The State Department of Water Resources (DWR) released its 1 February
update of hydrologic conditions. The combined content of the 12 most
significant reservoirs is only 37% of their capacity. The snowpack
water content statewide is only 25% of average for this date.
We are still in trouble.
David E. Ross
Climate: California Mediterranean, see
Went fishing on easter sierra slope river yesterday. This
river turn the color of brown like coffee and cream when
there is run off. No sign of any color change. (It is all
soaking in) And little water level change. And we have
had 70F days in February.
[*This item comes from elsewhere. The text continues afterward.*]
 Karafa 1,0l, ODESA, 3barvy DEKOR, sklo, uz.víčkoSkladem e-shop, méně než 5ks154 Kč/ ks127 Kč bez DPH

And the snow on the 14,000 ft
peaks is already melting. Hardly any left
So, as you say, it looks like we are for trouble, a lot of
trouble. Fire season should be a hum-dinger this year.
We need a bunch of cold maritime polar storms to
blow through and dump a ton of snow.
My sister lives at the base of the mountains below Tahoe. I notice that
it's been close to 60 degrees F there lately, and she tells me that
there is little snow on the mountains. The ski areas must be hurtin',
and I bet it will affect the water table in the valley below come
On the back side here, if you drill deep enough, you hit an
aquifer out of Tahoe where the water is thousands of years old.
So the humans will be fine water wise (if you are on one of
those wells). Otherwise there is going to be a world of hurting.
One of the rivers I fish, the water got really weird. No
sign of any life in it. No minnows, no bugs, no algae, no
water plants. Completely dead. If we don't get any more
rain/snow, I think this river is doomed for years.
Can you imagine a river without and life at all in it?